Laboratoire des Systèmes Perceptifs, Département d'Études Cognitives, École Normale Supérieure, PSL University, CNRS, Paris, France.
Department of Psychology, New York University, New York, New York, United States of America.
PLoS Comput Biol. 2022 Jul 27;18(7):e1010318. doi: 10.1371/journal.pcbi.1010318. eCollection 2022 Jul.

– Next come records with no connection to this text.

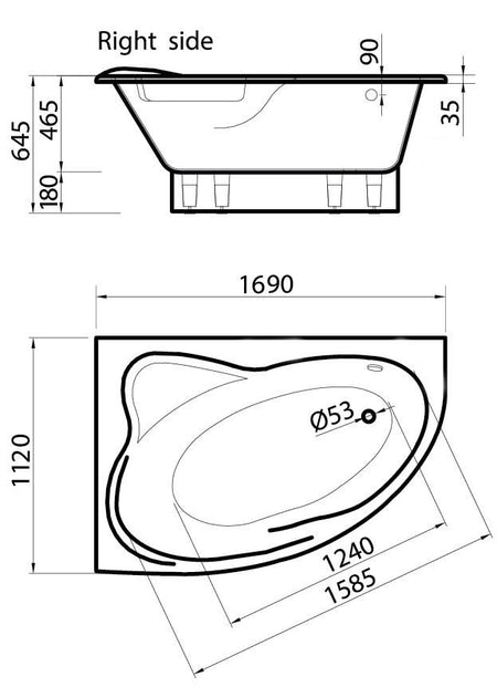 Akmens masės vonia Orte right 1700 mm ilgio, be sifono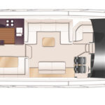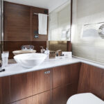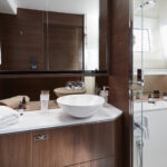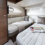Like its predecessor, down on the lower deck the new 62 comes with three cabins and three heads and limited possibilities for changing anything—although there is the option to fit a second door to the port head compartment, to allow it to serve as a day head. And with the addition of an electrical sliding mechanism to the inboard berth, the twins in the starboard cabin can be converted into a double. You can also have a small twin-berth crew cabin fitted in the stern.
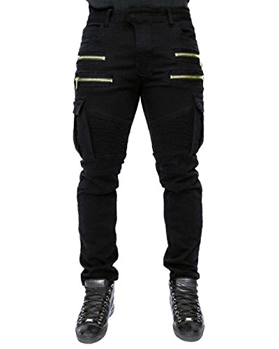 Quge Jeans Pantaloni Uomo Stile Biker Cargo Pantalone Militari con Multi Tasche Nero S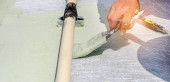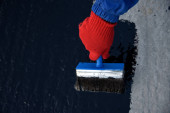 Pracownik stosuje mastyks bitumiczny na fundamencie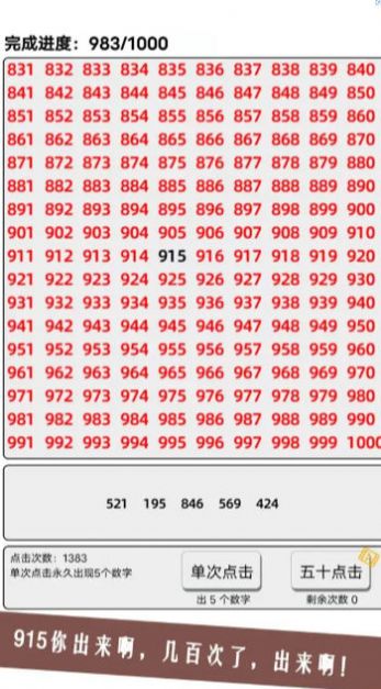 欧皇还是肝游戏安卓版是一款有着丰富数字点击技巧的小游戏,玩家需要用自己的点击方式来完成你的游戏任务,还有诸多的点击技巧等你来尝试,你必须从数字0 到99999每一个都需要的点击一次,那样的手指点击度,可以说是非常困难的,需要大量的时间。 游戏特色: 1、玩法一目了然,只需要持续不断的点击数字即可。 2、难度就是一个,那就是时间是你最大的挑战。 3、只有恒心才是你唯一的拦路虎,想要成为肝帝,还是很有挑战的。 游戏攻略: 1、在游戏中,需要紧紧盯着数字,掌握好节奏,尽可能地在规定时间内点击更多的数字。 2、要多练习,熟悉游戏规则和操作方法,掌握好游戏技巧,自然能够取得更好的成绩。 3、尽量避免误点,因为每次误点都会降低你的分数,影响你的游戏体验。 游戏体验: 1、在游戏中,数字会不断地出现在屏幕上,需要玩家快速点击数字来获取得分。 2、通过点击数字,可以获得不同的积分和时间加成,帮助玩家更快地获得高分数。 3、设置了不同的难度等级,玩家可以根据自己的实力来选择适合自己的游戏难度,挑战自我。 游戏点评: 1、充满了挑战性和乐趣,可以让玩家快速进入状态,享受到游戏带来的乐趣。 2、设置了多种不同的难度等级,可以满足不同玩家对游戏难度的需求。 3、欧皇还是肝帝游戏是一款非常不错的数字点击游戏,非常值得尝试。 |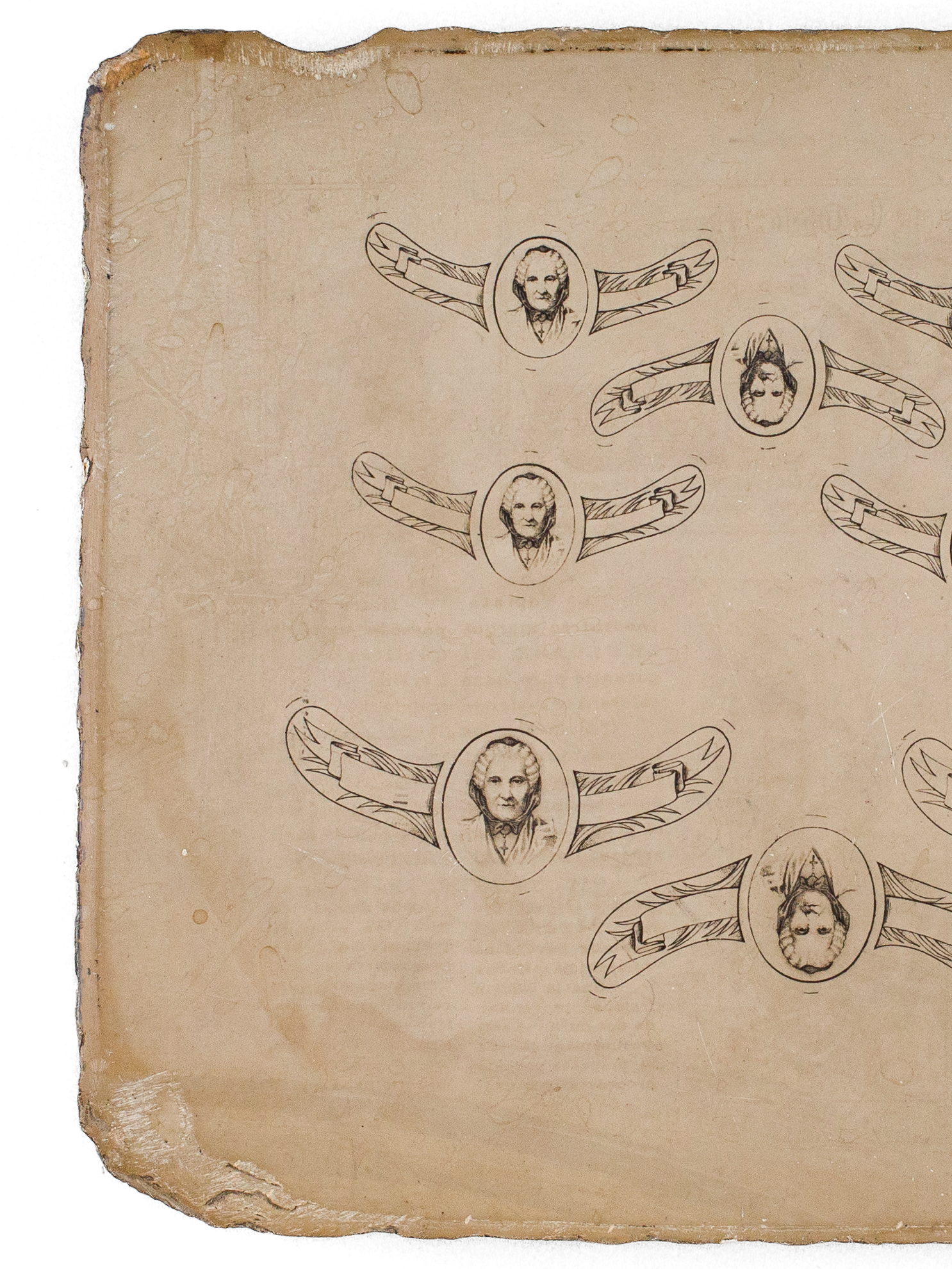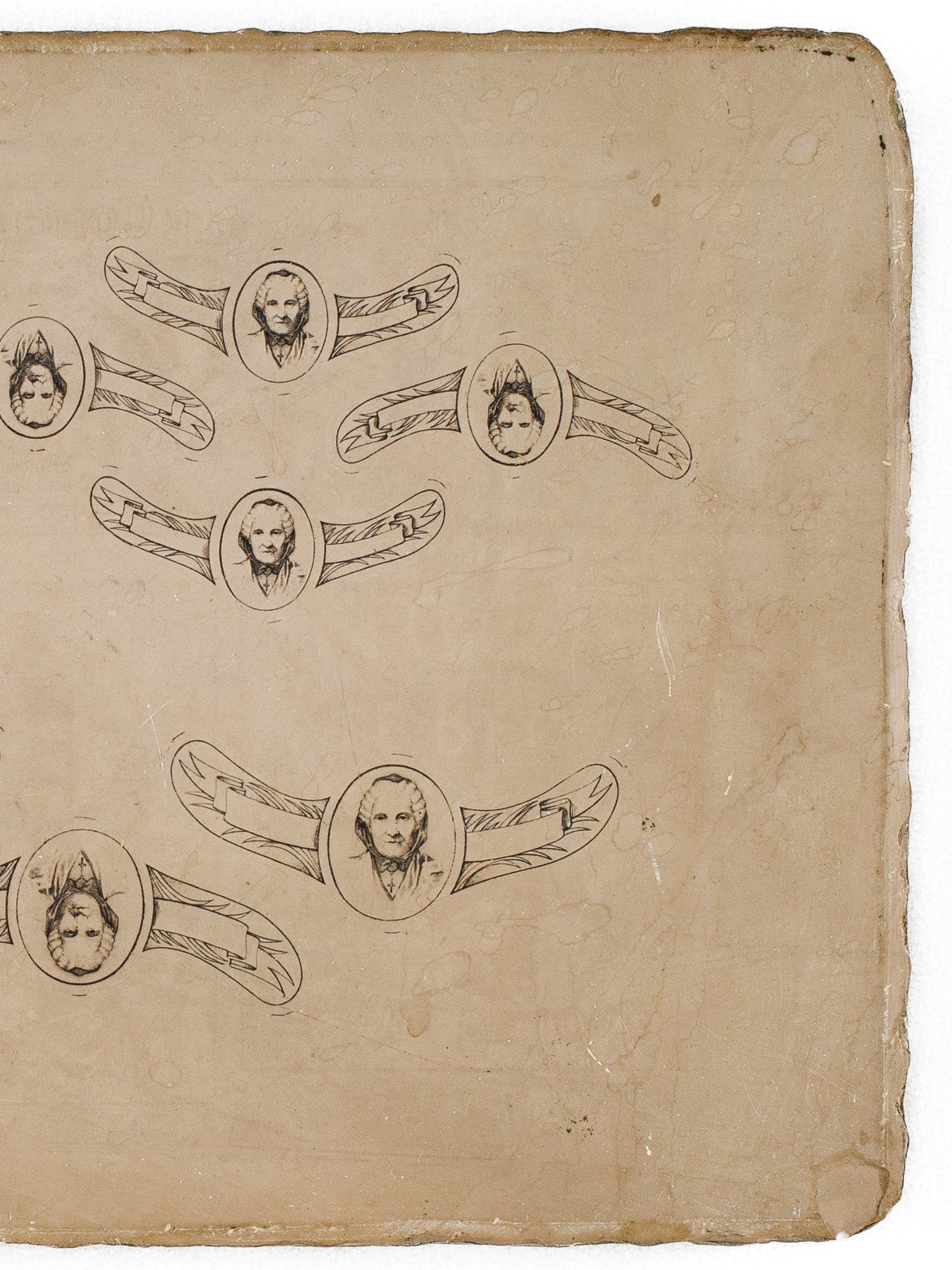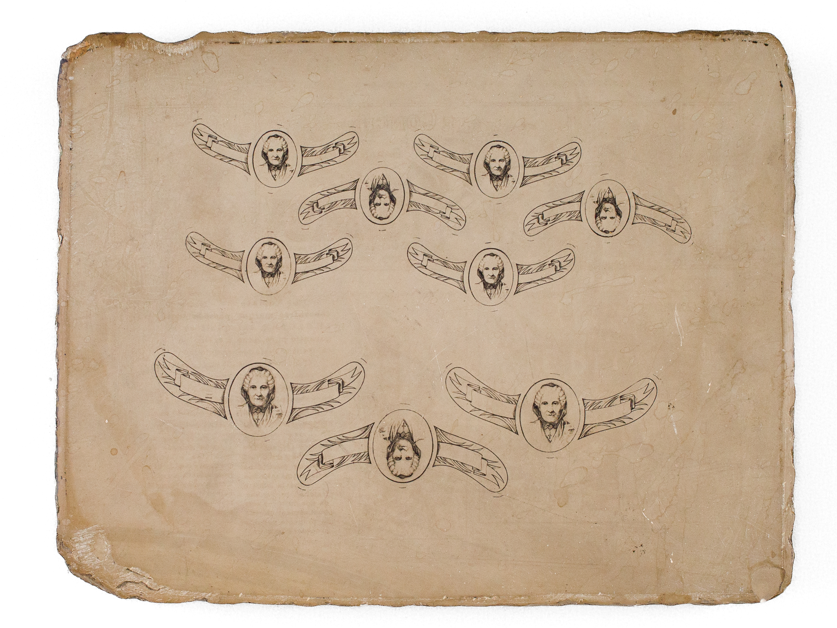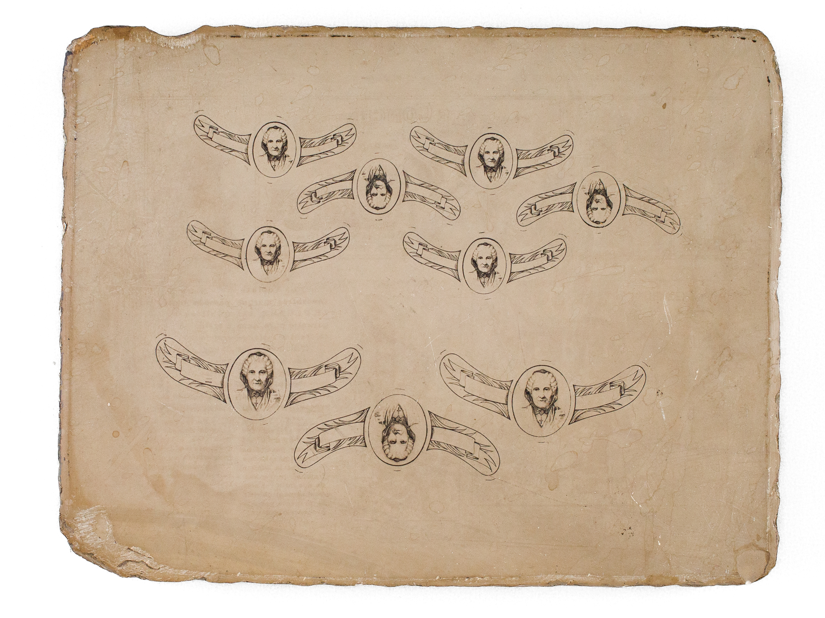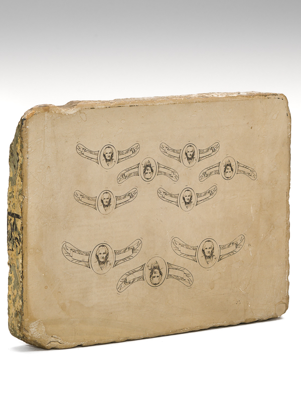 une pierre lithographique format 24,3 x 18,5 x 3 cm, pour impression d'étiquettes de col de la marque 'Marie Brizard', à savoir 6 étiquettes format 5,5 cm et 3 étiquettes format 7 cm, avec le portrait de Marie Brizard, l'espace réservé au texte demeurant vierge Commentaire : Remarquable document que cette pierre lithographique ayant servi à l'impression des fameuses étiquettes à l'effigie de 'Marie Brizard', la célèbre créatrice bordelaise de la liqueur d'anisette dont l'entreprise prospérera jusqu'à nos jours.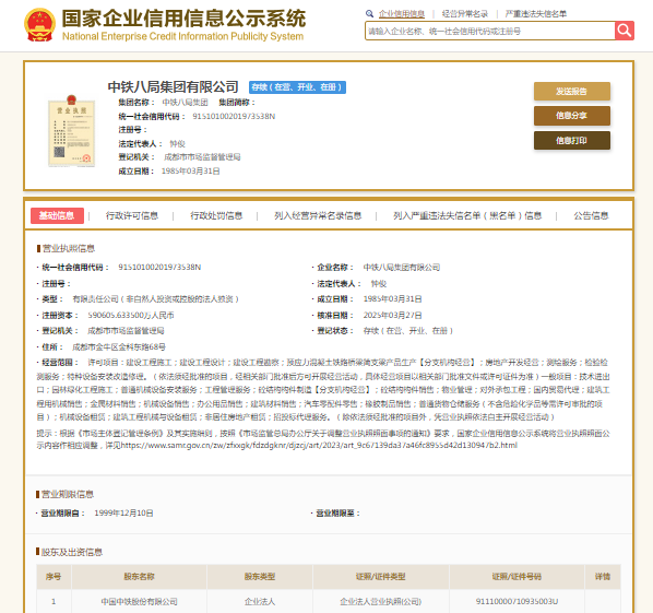 国家企业信用信息公示系统显示,中铁八局集团有限公司成立于1985年,注册资本590605.6335万元人民币,法定代表人为钟俊,由中国中铁全资持股。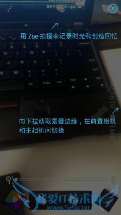 切换前、后摄像头时只需沿取景框向下滑动,但是该操作容易误操作,很多次都会被误认为点击屏幕对焦,而不是切换摄像头。
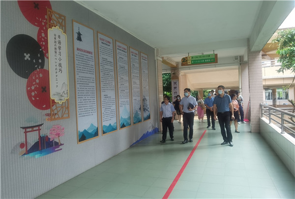 鄧銳昌副局長一行首先走訪了龍江中學(xué)校園,重點參觀了龍江中學(xué)小語種特色文化長廊,詳細(xì)詢問了學(xué)校的開學(xué)防疫準(zhǔn)備和師生返校健康情況。在之后座談會上,龍江鎮(zhèn)教育局黃順?gòu)筛本珠L向調(diào)研組匯報了龍江鎮(zhèn)教育的整體情況。黃順?gòu)筛本珠L表示,在新形勢下將繼續(xù)堅持課堂改革,提升龍江鎮(zhèn)教師發(fā)展專業(yè)水平,將龍江鎮(zhèn)各類學(xué)校發(fā)展推向更高層次。接著,我校張朝煌校長在文化發(fā)展,質(zhì)量發(fā)展和特色發(fā)展三個方面對我校特色辦學(xué)做了匯報工作,希望在龍中人的努力下,我校能向社會呈現(xiàn)出質(zhì)量更優(yōu)、特色更強、生源更好、口碑更佳的發(fā)展勢頭。鄧銳昌聽取黃順?gòu)筛本珠L和張朝煌校長的匯報后,充分肯定了龍江鎮(zhèn)和龍江中學(xué)近年來在教育發(fā)展中取得突出成績,并提出了在之后的工作中在堅持提高硬件設(shè)施的基礎(chǔ)上,著力提高隊伍建設(shè),進一步推動龍江鎮(zhèn)義務(wù)教育階段與龍江中學(xué)的集團化辦學(xué)成果,打造龍江鎮(zhèn)基礎(chǔ)教育品牌,實現(xiàn)優(yōu)質(zhì)均衡的教育發(fā)展模式。
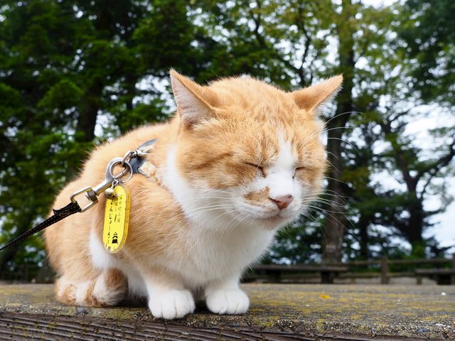 到了天守前的廣場,著名的貓城主三十郎已經出來巡視,即使被遊客圍繞依舊氣定神閒。

Perceptual confidence is an important internal signal about the certainty of our decisions and there is a substantial debate on how it is computed. We highlight three confidence metric types from the literature: observers either use 1) the full probability distribution to compute probability correct (Probability metrics), 2) point estimates from the perceptual decision process to estimate uncertainty (Evidence-Strength metrics), or 3) heuristic confidence from stimulus-based cues to uncertainty (Heuristic metrics). These metrics are rarely tested against one another, so we examined models of all three types on a suprathreshold spatial discrimination task. Observers were shown a cloud of dots sampled from a dot generating distribution and judged if the mean of the distribution was left or right of centre. In addition to varying the horizontal position of the mean, there were two sensory uncertainty manipulations: the number of dots sampled and the spread of the generating distribution. After every two perceptual decisions, observers made a confidence forced-choice judgement whether they were more confident in the first or second decision. Model results showed that the majority of observers were best-fit by either: 1) the Heuristic model, which used dot cloud position, spread, and number of dots as cues; or 2) an Evidence-Strength model, which computed the distance between the sensory measurement and discrimination criterion, scaled according to sensory uncertainty. An accidental repetition of some sessions also allowed for the measurement of confidence agreement for identical pairs of stimuli. This N-pass analysis revealed that human observers were more consistent than their best-fitting model would predict, indicating there are still aspects of confidence that are not captured by our modelling. As such, we propose confidence agreement as a useful technique for computational studies of confidence. Taken together, these findings highlight the idiosyncratic nature of confidence computations for complex decision contexts and the need to consider different potential metrics and transformations in the confidence computation.
感知信心是关于我们决策确定性的重要内部信号,关于如何计算它存在着大量的争论。我们从文献中突出了三种信心度量类型:观察者要么使用 1)完整的概率分布来计算正确的概率(概率度量),要么使用 2)从感知决策过程中得出的点估计来估计不确定性(证据强度度量),要么使用 3)基于刺激的线索的启发式信心来估计不确定性(启发式度量)。这些度量标准很少相互测试,因此我们在阈上空间辨别任务上检验了所有三种类型的模型。观察者被展示了从点生成分布中采样的点云,并判断分布的均值是在中心的左侧还是右侧。除了改变均值的水平位置外,还有两种感觉不确定性操作:采样的点数和生成分布的扩展。在每次两个感知决策之后,观察者会进行信心强制选择判断,他们对第一个还是第二个决策更有信心。模型结果表明,大多数观察者要么是由 1)启发式模型最佳拟合的,该模型使用点云位置、扩展和点数作为线索;要么是由 2)证据强度模型最佳拟合的,该模型根据感觉不确定性来计算感觉测量和辨别标准之间的距离。对一些偶然重复的一些会话也允许对相同刺激对的信心一致性进行测量。这个 N 次通过分析表明,人类观察者比其最佳拟合模型预测的更一致,这表明信心的某些方面仍然无法通过我们的模型捕捉到。因此,我们提出信心一致性作为信心计算的计算研究的有用技术。综上所述,这些发现强调了在复杂决策情境中信心计算的独特性质,以及需要考虑信心计算中的不同潜在度量标准和变换。